This article gives a proof of Ceva's theorem by using Menelaus's theorem twice. However, it also states:
Oddly, it’s somewhat difficult to go the other way. To prove Menelaus from Ceva requires using Ceva six times!
I tried this but didn't get a perfect result:
(All segments are directed, i.e. $AB=-BA$.)
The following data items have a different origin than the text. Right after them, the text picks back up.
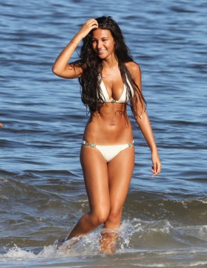 Elle est sur ces photos, présente pour un shooting en bikini blanc et ses formes font ressortir la beauté de ce maillot de bain. Ces longs cheveux bruns sont très souples et son beau sourire montre à quel point elle s’occupe de ses dents. Mais la cerise sur le gâteau est la belle grosse paire de nichons qu’elle a sur la poitrine.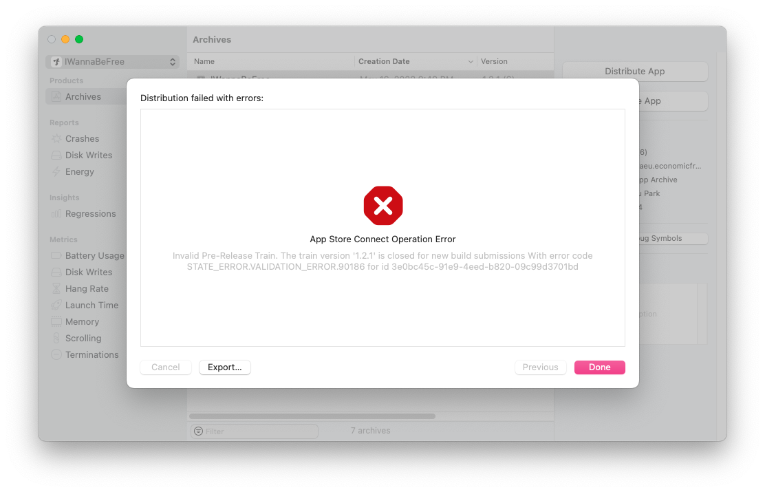 => 오류 내용: Invalid Pre-Release Train. The train version '1.2.1' is closed for new build submissions With error code STATE_ERROR.VALIDATION_ERROR.90186 for id 3e0bc45c-91e9-4eed-b820-09c99d3701bd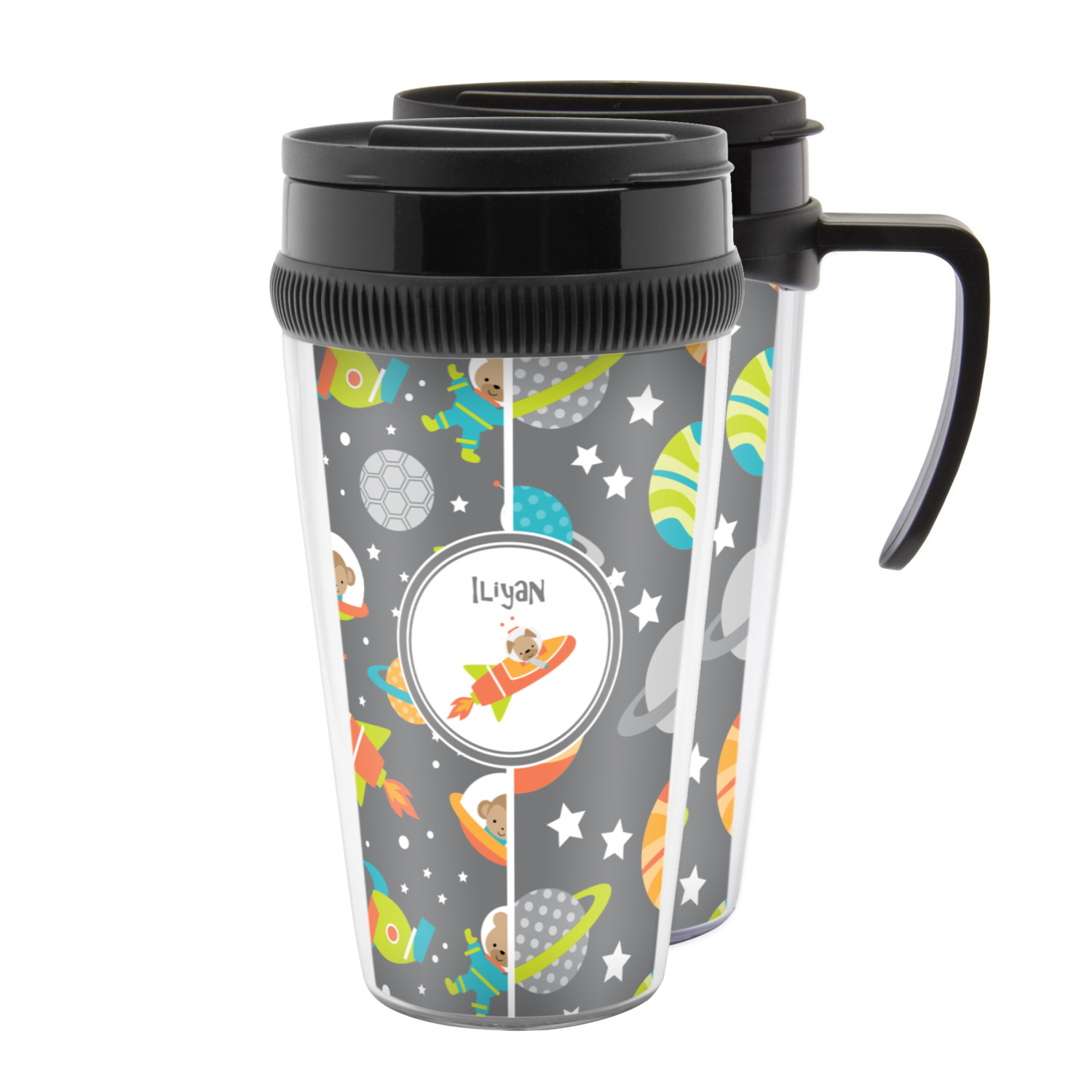 Keep your drink secure while on your daily commute with one of our personalized travel mugs! These travel mugs will add a splash of color and creativity to your kitchen counter-top, car cup holder, office desk, or wherever you choose to place them! With these custom mugs, you'll never have to settle for a boring, run-of-the-mill travel mug.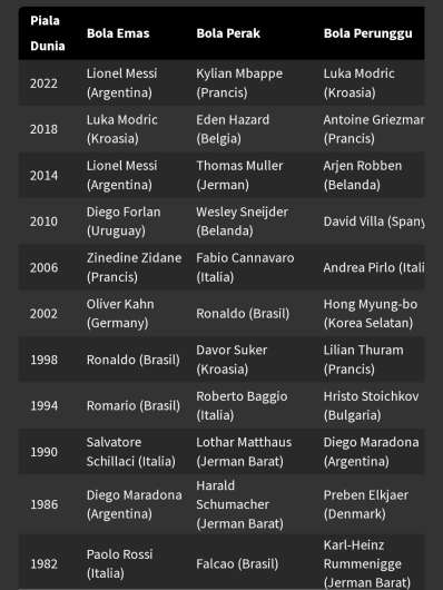 Anda bisa melihat daftar lengkap pemenang Bola Emas Piala Dunia dì atas, yang juga termasuk peraih Bola Perak dan Bola Perunggu.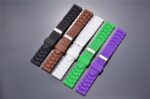 This silicone watch strap features vivid color tones and a three dimensional block pattern design.
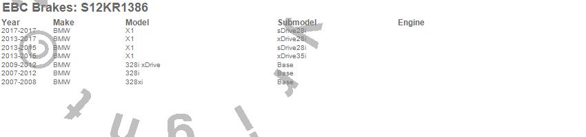 Below is an abreviated list of applications for the S12 Kits Redstuff and RK Rotors.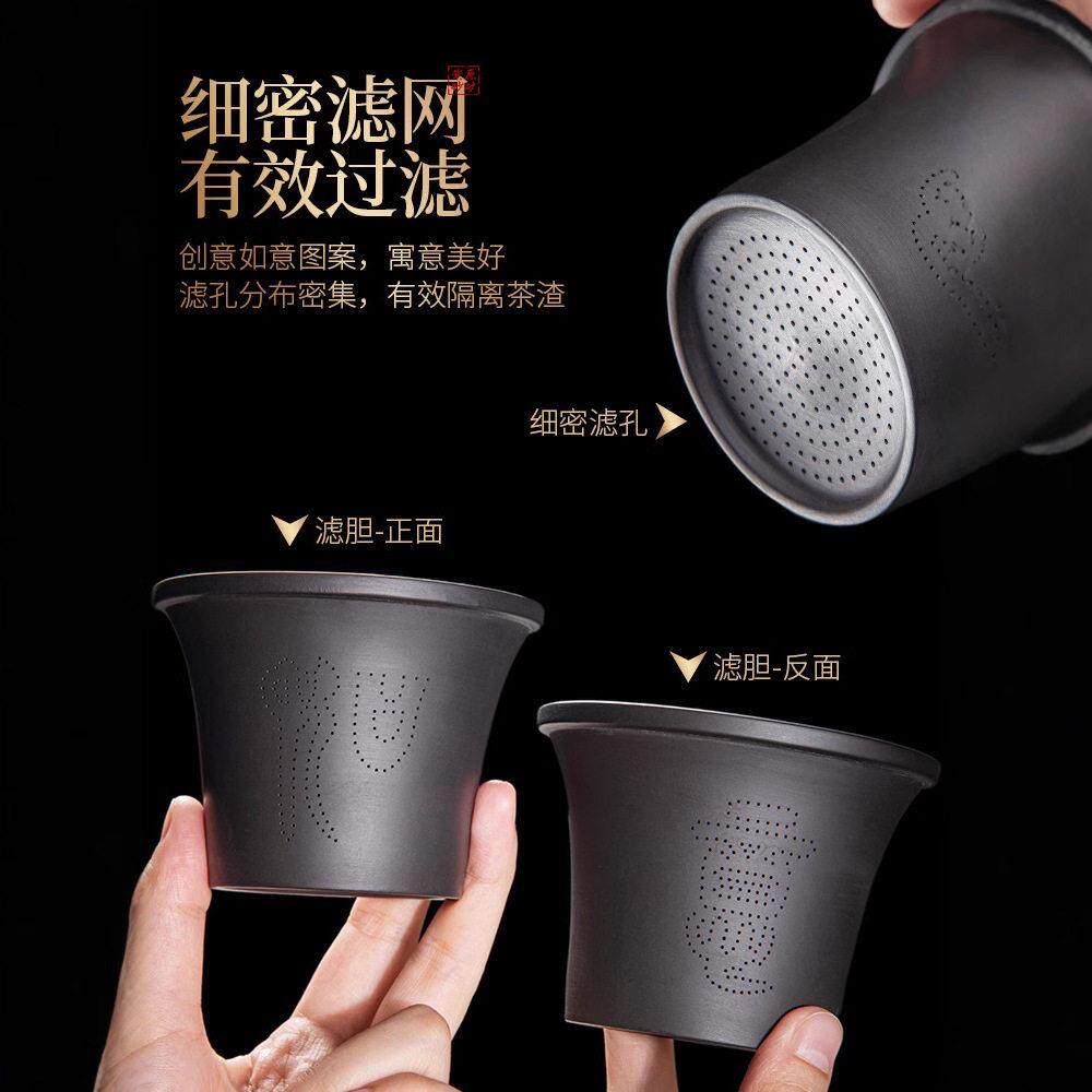 带盖子过滤杯子茶水分离杯礼品礼盒套 三亩陶高档紫砂百福茶杯中式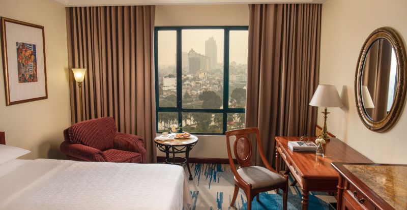 Khách sạn Sheraton Hanoi tọa lạc bên hồ Tây, cách sân bay quốc tế Nội Bài chỉ 20 phút đi xe. Không chỉ là khách sạn 5 sao gần sân bay nhất, du khách còn có thể dễ dàng di chuyển từ đây tới khu phố cổ Hà Nội, các địa điểm tham quan nổi tiếng nhộn nhịp chỉ trong vài phút. Tất cả 299 phòng nghỉ của khách sạn có hướng nhìn bao quát Hồ Tây và Sông Hồng. Nuông chiều vị giác với bữa tiệc buffet quốc tế tại nhà hàng Oven D'or hay khám phá những phong vị mới lạ của thực đơn cao cấp tại Hemispheres Steak & Seafood Grill - hai nhà hàng đạt giải thưởng danh giá từ Michelin và Tripadvisor của khách sạn. Khi du khách cần tiếp thêm năng lượng, hãy dành thời gian tập luyện tại phòng tập mở cửa 24/7, hay thư giãn với các dịch vụ tại trung tâm chăm sóc sức khỏe, bể sục hoặc bể bơi ngoài trời của chúng tôi.
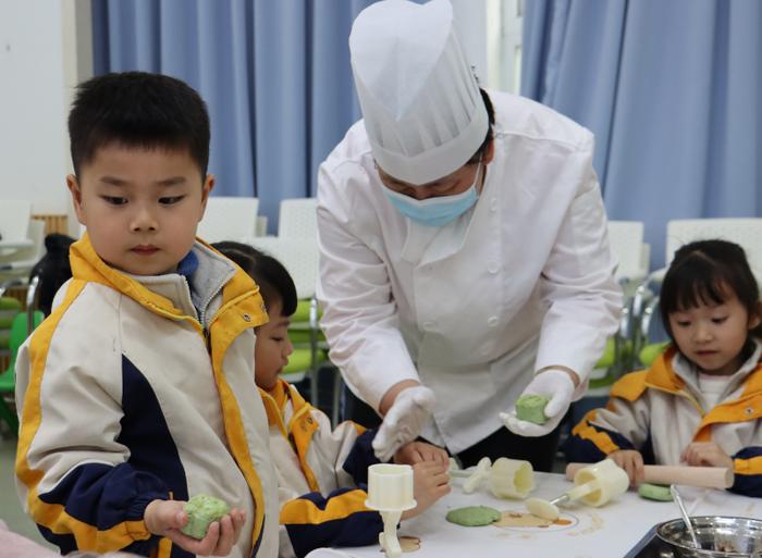 大学食堂师傅教幼儿园萌娃做青团悟劳动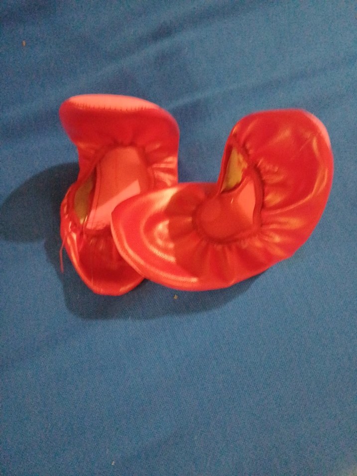 Esnek kauçuk malzemeden yapılmış, çocuklar için kırmızı babetler, fırfır detayıyla tarz katıyor. pisipisi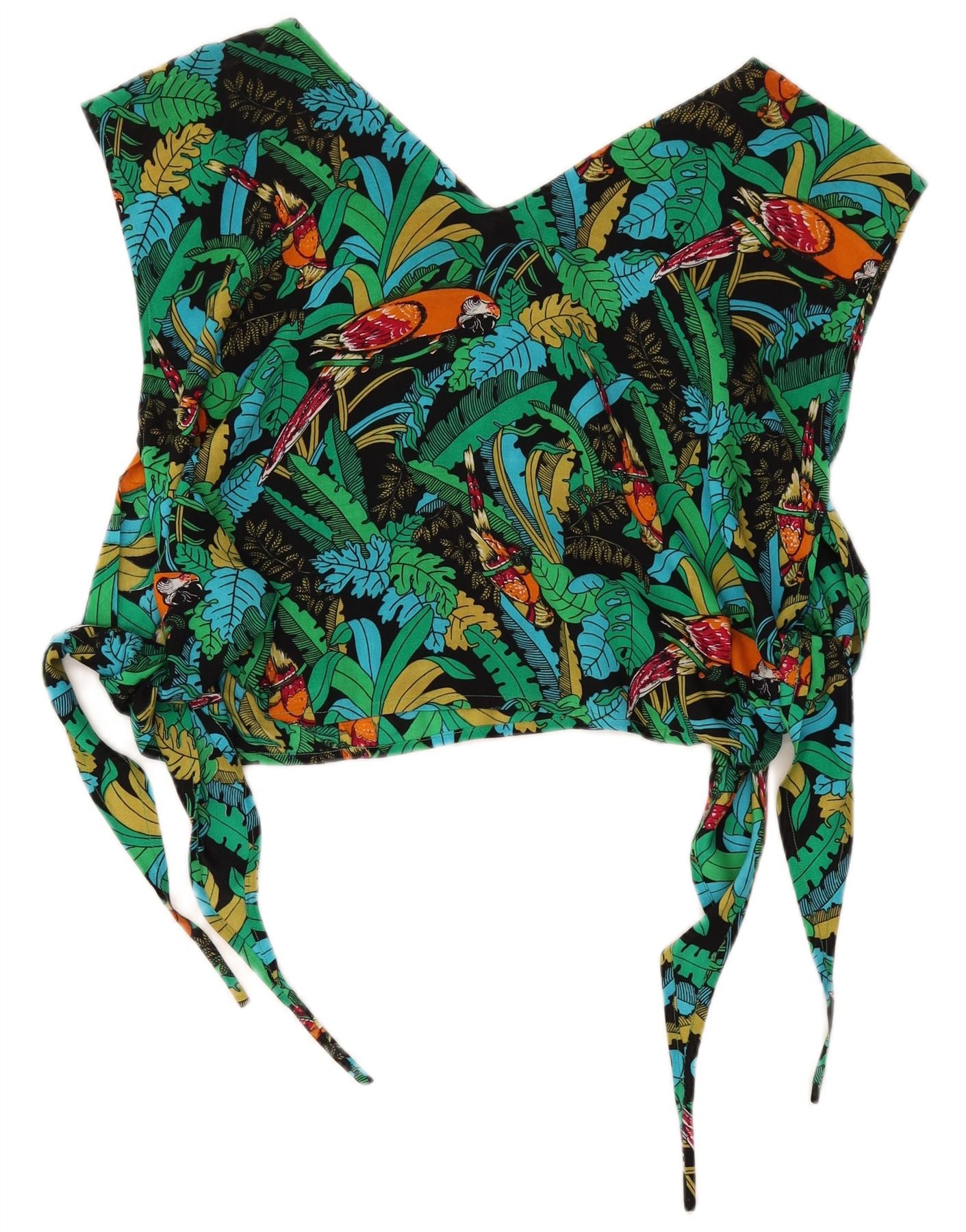 - Descrizione dell'IA: Questo top corto da donna vintage è realizzato in un tessuto leggero, caratterizzato da un vivace motivo floreale tropicale multicolore. Vanta uno scollo a V lusinghiero e un design senza maniche. Lo stile avvolgente crea una vestibilità rilassata, fissata con una chiusura a cravatta. La sua lunghezza corta aggiunge un tocco moderno ed elegante, perfetto per un look da festival.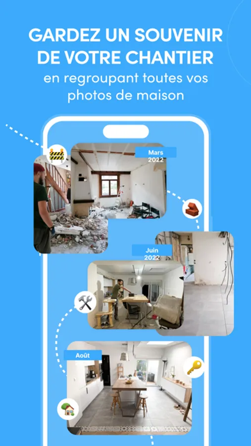 Grâce à Kozikaza, publiez les photos de votre chantier maison et écrivez l’histoire de votre maison ! Conservez tout l’historique de votre chantier et partagez vos avancées avec la communauté et vos proches. Triez vos photos de chantier et organisez-les pour mieux les retrouver.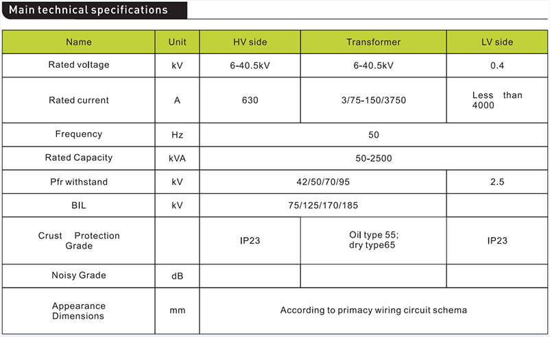 HW-PCT1 series products is a kind of set of equipment which assembles the MV switch apparatus, transformer, LV distribution equipment together according to fixed connection scheme. This series substation is suitable for neighborhood unit, hotel, large-scale work site and high building that the voltage is 12kV/24kV/36kV/40.5kV, the frequency is 50Hz and the capacity is under 2500kvA.Standards: IEC60076,IEC1330,ANSI/IEEE C57.12.00 ,C57.12.20 ,C57.12.90,BS171 ,SABS 780

Apply Ceva onto $\triangle ABE$ and $D$: $$\frac{AF}{FB}\cdot\frac{BG}{GE}\cdot\frac{EC}{CA}=1$$ Apply Ceva onto $\triangle BDE$ and $A$: $$\frac{BC}{CD}\cdot\frac{DF}{FE}\cdot\frac{EG}{GB}=1$$ Apply Ceva onto $\triangle BEF$ and $C$: $$\frac{BH}{HE}\cdot\frac{ED}{DF}\cdot\frac{FA}{AB}=1$$ Apply Ceva onto $\triangle BCE$ and $F$: $$\frac{BD}{DC}\cdot\frac{CA}{AE}\cdot\frac{EH}{HB}=1$$ Apply Ceva onto $\triangle AFC$ and $D$: $$\frac{AB}{BF}\cdot\frac{FJ}{JC}\cdot\frac{CE}{EA}=1$$ Apply Ceva onto $\triangle CFD$ and $A$: $$\frac{CJ}{JF}\cdot\frac{FE}{ED}\cdot\frac{DB}{BC}=1$$
By multiplying these 6 equations, I got: $$\frac{AF^2}{FB^2}\cdot\frac{BD^2}{DC^2}\cdot\frac{CE^2}{EA^2}=1$$
which is very close to Menelaus's theorem but the direction or sign is not determined.
Is there any improvement or I'm in a wrong way?